It was meant to be a feel-good photo-op. When India’s prime minister invited top executives on stage to join hands in a symbolic show of unity at the India AI Impact Summit, everyone linked up—except OpenAI’s Sam Altman and Anthropic’s Dario Amodei. The two leaders, standing shoulder to shoulder yet keeping their hands apart, delivered a split-second metaphor for the most watched rivalry in artificial intelligence.
What Happened on Stage Between Altman and Amodei at India’s AI Summit
The gesture was simple; the optics were anything but. Cameras caught Altman and Amodei visibly declining to clasp hands, even as other tech chiefs complied. The moment landed because it captured an uncomfortable truth: cooperation and competition now coexist uneasily in frontier AI, and even ceremonial calls for solidarity can’t paper over strategic fault lines.
OpenAI and Anthropic Rivalry Spills Into the Spotlight
OpenAI and Anthropic have increasingly divergent playbooks. OpenAI has been testing advertising in ChatGPT, a move aimed at subsidizing inference costs at scale and broadening monetization beyond API and enterprise tiers. Anthropic pounced on that decision with high-profile spots during the Big Game, promising that Claude would never run ads—a brand-level swipe that framed the debate as one of trust and product integrity.
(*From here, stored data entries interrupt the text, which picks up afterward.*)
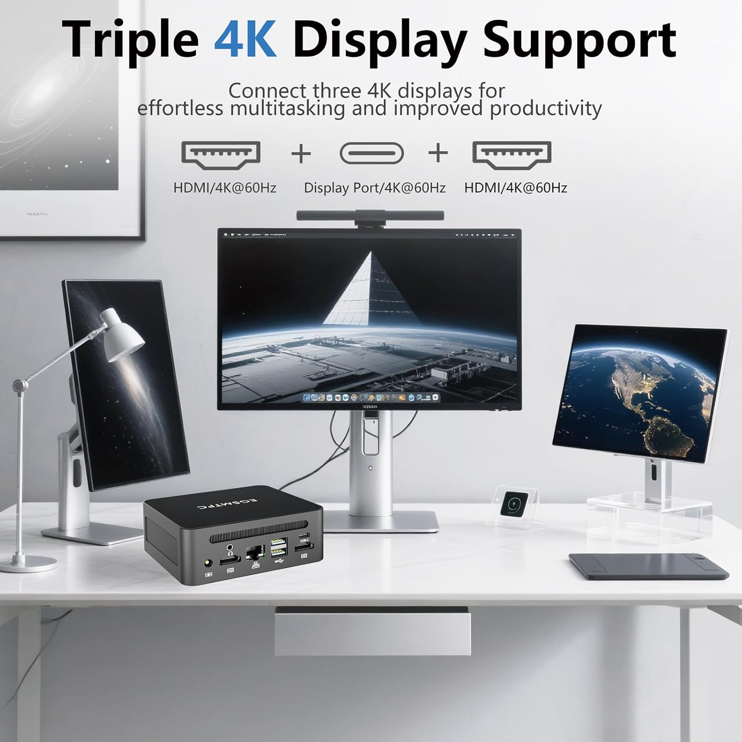 - 【Compact Design with Versatile Connectivity】The mini desktop computer comes with 2 x HDMI 2.0 (4K@60Hz), 3 x USB 3.2, 1 x USB 2.0, 1 x DC Port, 1 x Type-C (Power/Data), 1 x LAN Port, and 1 x Audio-in/out Jack port.The size of this small computer is only 4.5 x 4.2 x 1.7 inches, weighing just 2.65 lbs, making it easy to carry and organize on your desktop.Ideal for home offices, gaming, or media centers, this compact PC offers great performance in a space-saving design.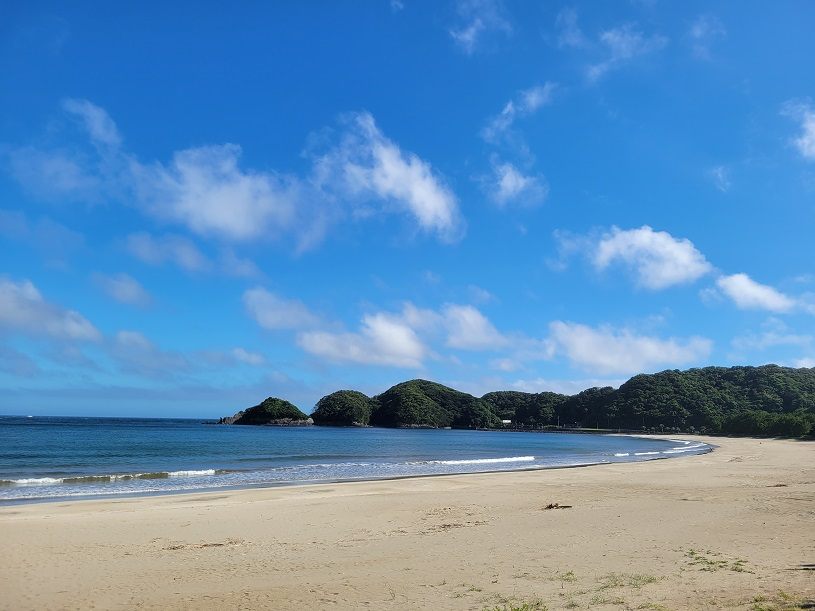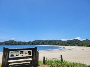 弓ヶ浜海水浴場は名前の通り弓状になっており、端から端までは1.2km。 遠浅で比較的波が穏やかなので海水浴やSUPなどに適してます。 正面から見てもよし! 左側から見てもよし! 右から見てもよし! いつの季節に見ても何時に見ても美しい海水浴です。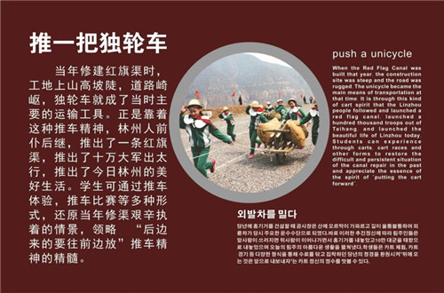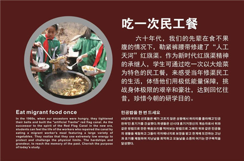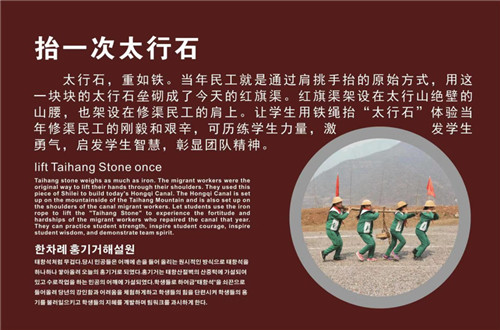 實訓(xùn)基地場地設(shè)置有就餐區(qū)、體驗區(qū)、休息區(qū)、衛(wèi)生區(qū)。按照研學(xué)要求,紅旗渠景區(qū)推出了十個一精品課程,其中推一把獨輪車、掄一回開山錘、抬一次太行石、吃一次民工餐就在實訓(xùn)基地開展。通過這些體驗活動,還原當(dāng)年修渠時戰(zhàn)天斗地的情景,讓學(xué)生感受當(dāng)年修渠民工的剛毅和艱辛?杉ぐl(fā)學(xué)生勇氣,啟發(fā)學(xué)生智慧,讓青少年在創(chuàng)作中獲得快樂。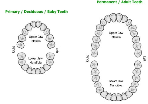 Human teeth are complex structures. The hard material of the teeth are composed of calcium, phosphorus, and other mineral salts. The material in the majority of the teeth is called dentine. The hard, shiny layer that people brush is called the enamel. The first set of teeth consists of twenty teeth: there are ten teeth in each jaw. The primary teeth begin to appear when an infant reaches the age of six months. They continue to emerge until the child is approximately two years old. The first permanent tooth usually erupts at the age of six, and a mixture of primary and permanent teeth coexist until the child reaches about twelve years old. By the age of twelve, most children possess 28 of the 32 permanent teeth. The average timetable varies among individuals, but this time variation is not important. The sequence of when each kind of tooth emerges is more important than the age at which this occurs. In fact, deviations in the order of sequence of types of teeth often indicate the possibility of future
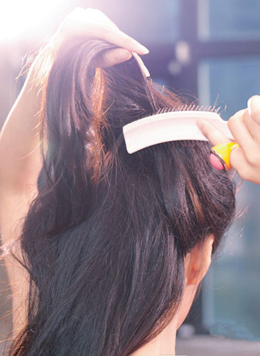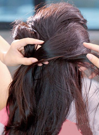 第三步:打毛好后用橡皮筋将头发扎成马尾。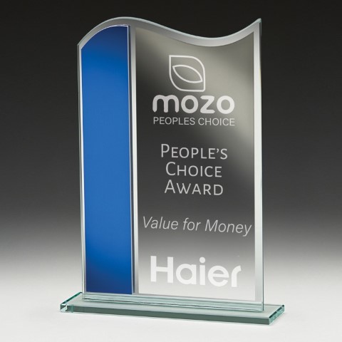 The Ohana series of budget glass awards offers an elegant wave inspired design with an appealing shiny blue & silver panel. Central space for your engraving.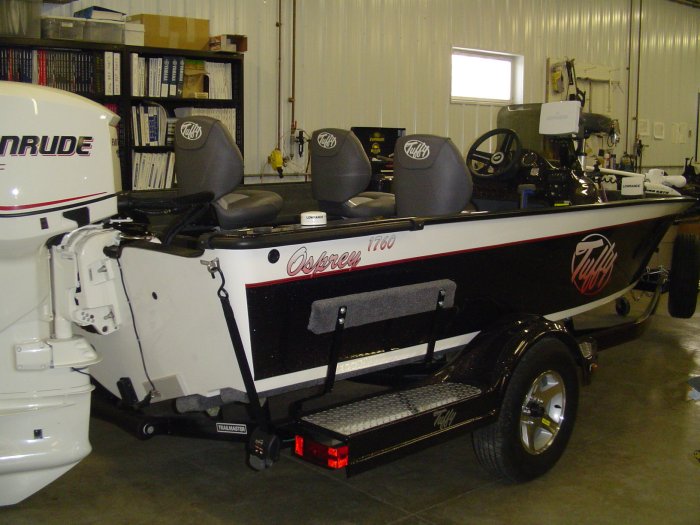 Take a look at this 2008 1760 OspreyGC we recently rigged at Holmen Marine. We went with a retro white look and used a white E-Tec 150 and white Riptide 80# Minnkota. We also added the new Lowrance to BRP I-Command system and networked all the guages and locators. With this system you can now have digital water pressure, barametric pressure, oil tank level readings, trim position, hours used, fuel management calculations, engine alarms, as well as a host of other important data. This info can also be displayed on the two lowrance graphs right at your fingertips. It has lots of other add ons as well and should really scoot. If you are techno junky this is the boat for you. Check out more on this boat in the non-current boats listings at www.holmenmarine.com or email me at [email protected] and I can send you more photos and information.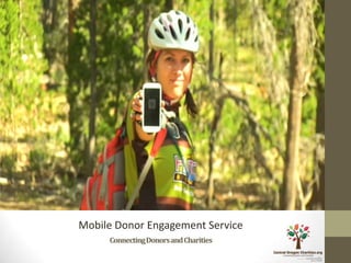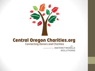 The document introduces centraloregoncharities.org, a mobile donor engagement service designed to connect donors with non-profit organizations for both iOS and Android devices. It enables users to locate charities, make easy cash and in-kind donations, and communicate effectively with organizations to drive deeper engagement. The service will launch on November 13 with over 15 participating non-profits and aims to enhance awareness and facilitate giving.

Altman shot back, labeling Anthropic’s framing as “dishonest” and “authoritarian,” arguing that the ads depicted were not how OpenAI would implement them and that users would reject invasive formats. The public tit-for-tat didn’t just surface philosophical differences; it clarified business-model bets in a market where inference costs, safety mitigations, and user experience are in constant tension.
India Becomes Shared Ground for Both AI Labs’ Expansion
Both companies used the New Delhi stage to court India’s developers and enterprises. OpenAI announced two new offices in India, a partnership with Tata Consultancy Services, and tools targeting higher education. Anthropic confirmed an India office and a collaboration with Infosys for internal use and client deployments. Those alliances matter: TCS employs well over 600,000 people globally and serves blue-chip clients across industries, while Infosys has a workforce north of 300,000—distribution channels of this scale can accelerate real-world adoption.
The push aligns with India’s wider AI agenda. The government’s IndiaAI Mission, overseen by the Ministry of Electronics and Information Technology, targets public compute infrastructure on the order of 10,000+ GPUs, open datasets, and skilling at national scale. NASSCOM has estimated that India hosts one of the world’s largest pools of AI and analytics talent, topping 400,000 professionals, and GitHub’s Octoverse has repeatedly ranked India as the fastest-growing developer community. For model labs seeking talent density and enterprise demand, the fit is obvious.
More Than a Photo Op: Policy Optics and Unresolved Questions
To policymakers, the hand-holding tableau was supposed to broadcast alignment on safety and innovation. Yet the non-gesture from Altman and Amodei underlined unresolved questions: how to pay for frontier-scale inference without eroding user trust; how to balance speed with safeguards; and whether voluntary industry compacts can keep pace with rapidly scaling capabilities. Both companies signed earlier safety commitments in the United States and sent delegates to global safety forums, but commercial pressures are pushing them down distinct paths.
India’s challenge—and opportunity—is to convene these paths productively. Enterprise buyers here are pragmatic: they will mix and match providers, run pilots across stacks, and demand measurable ROI on tasks like customer support, code modernization, and knowledge retrieval. Services firms will be kingmakers, translating foundation model capabilities into vertical-specific workflows at scale.
Signals for the Road Ahead in AI Business Models and Trust
For OpenAI, experiments with ads hint at a willingness to diversify revenue beyond subscriptions and enterprise licenses—useful in markets where price sensitivity is high and unit economics are unforgiving. For Anthropic, the no-ads stance is a differentiator anchored in trust, safety, and a premium positioning. Both strategies can win, but they will likely attract different user segments and partner ecosystems.
In that light, the awkward beat on stage wasn’t merely awkward. It was instructive. India is assembling the pipes—compute, talent, and enterprise scale—that could determine which philosophies thrive. If the country succeeds in pairing robust guardrails with market-driven experimentation, moments of dissonance like this one may be the growing pains of a market that ultimately raises the bar for everyone.